Ask HN: How to learn Linux? - shire

I have a macbook pro 2013 15inch OS X 10.8.5. I love this machine. A few years ago I switched from Windows to Mac and I never looked back this machine is awesome and powerful I love it and use it every second of the day but lately I&#x27;ve been having a craving for Linux plus I&#x27;m always in the mood for expanding my knowledge for technology and always want to learn new stuff.<p>To be quite honest I&#x27;ve always heard about linux but never actually tried it the idea of it confuses me in a way. I would like to play with it and learn all about it plus I hear it&#x27;s important for any programmer to understand how linux works. A lot of jobs are also in Linux!.<p>I want to learn Linux in and out from how to set it up to all the Linux distribution (distros) like Mint, Ubuntu and Debian, what they&#x27;re, which is best and how to use them. Thanks!
======
cosmincimpoi
I really got into Linux by setting up servers on CentOS back in 2007. Linux,
the resources and the community are great and the fact that those servers
still run fine today is a testimony to that.

If you have some time and you would just like to read some good basics start
with
[http://www.linuxfromscratch.org/lfs/view/stable/prologue/for...](http://www.linuxfromscratch.org/lfs/view/stable/prologue/foreword.html)
and go as far as you can.

If you would like to get down and set up a server grab a Debian install kit.

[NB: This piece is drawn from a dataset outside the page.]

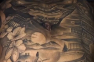 巴尔科拉最近为自己背部增添了新纹身,这幅以日本文化为主题的纹身覆盖了他的整个背部,主图案为一个巨大的武士面具,俯瞰着寺庙、东瀛山水和手持利剑的武士。
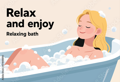 Женщина принимает ванну и моется. Иллюстрация косметической концепции красоты. Векторный шаблон дизайна веб-сайта. Женщина идет к деревенскому дому в лесу.

The other option would be to get a RaspberryPI and start with that. Tons of
resources and much closer to the hardware as a server install. Good if you re
into electronics too.

I am a Mac user myself and you will find that the BSD underneath is mostly
what Linux works like. They do say that MacOS is the best BSD available :-) So
learning Linux will definitely help you to get much more from your Mac as
well.

Have fun!

------
vmsmith
Here's something I did that I highly recommend: build your own Linux
distribution via the Linux from Scratch (LFS) project (Google it).

I took an old laptop and installed Slackware with an LFS partition. Then I
downloaded all the packages and followed the directions from the LFS book.

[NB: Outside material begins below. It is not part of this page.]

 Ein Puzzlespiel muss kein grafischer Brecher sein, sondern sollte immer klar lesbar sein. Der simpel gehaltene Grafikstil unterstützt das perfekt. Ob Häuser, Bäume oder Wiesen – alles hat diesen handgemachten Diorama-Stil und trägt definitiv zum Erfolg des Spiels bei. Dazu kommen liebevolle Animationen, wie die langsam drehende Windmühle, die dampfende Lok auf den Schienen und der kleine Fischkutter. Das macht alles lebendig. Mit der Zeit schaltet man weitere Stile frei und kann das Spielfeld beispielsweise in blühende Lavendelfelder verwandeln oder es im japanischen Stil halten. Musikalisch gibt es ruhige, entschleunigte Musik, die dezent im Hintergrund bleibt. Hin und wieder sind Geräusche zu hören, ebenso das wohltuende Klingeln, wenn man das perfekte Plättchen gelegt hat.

It took a while, but by the time I had finished I had learned three key
things: (1) a lot about how Linux works, (2) how to find information (about
Linux and for solving problems with Linux), and (3) a lot about BASH.

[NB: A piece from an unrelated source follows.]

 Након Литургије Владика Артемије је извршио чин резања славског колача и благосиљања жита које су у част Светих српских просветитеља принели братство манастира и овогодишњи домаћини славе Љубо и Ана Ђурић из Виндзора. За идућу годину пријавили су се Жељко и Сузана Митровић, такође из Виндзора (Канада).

Seriously, although it sounds daunting, it is doable and you will learn more
than you ever imagined.

------
linbo
I don't think there are huge difference between Mac OS and Linux, they all
derived from Unix.

I suggest using VM to learn Linux, for example install Linux VM in VirtualBox
and have a try.

------
forktheif
Many Linux distros come on a live CD allowing you to try them out without
changing anything on your hard drive.

Or you could try a virtual machine.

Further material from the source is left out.